Filed: 18 November 2003


         v.                        Forsyth County
                                Nos. 02CRS51720

    Appeal by defendant from judgment entered 20 November 2002 by Judge Ronald E. Spivey in Forsyth County Superior Court. Heard in the Court of Appeals 10 November 2003.

    Attorney General Roy Cooper, by Assistant Attorney General Sue Y. Little, for the State.
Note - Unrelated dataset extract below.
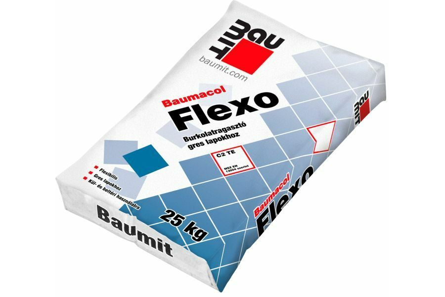Cementbázisú, por alakú, flexibilis, élelmiszerbarát, fagyálló, vékonyágyazású ragasztóhabarcs.

    William D. Auman for defendant-appellant.

    LEVINSON, Judge.

    Defendant Roosevelt Erick Lincoln was charged with two counts of first degree rape of a child and taking indecent liberties with a child. The State's evidence tended to show that on the morning of 14 February 2002, Shalece Lincoln returned to her residence she shared with her husband (defendant), son, and two daughters to find her seven-year-old daughter (the minor victim) partially undressed in defendant's bedroom. The minor victim's shorts and panties, which were “inside out,” were on the floor of the bedroom. Lincoln observed defendant standing in the hallway with an erection. In response, Lincoln called the police. She subsequently heard defendant tell a family acquaintance, who had brought her back home that morning, that he had “f--ked up.”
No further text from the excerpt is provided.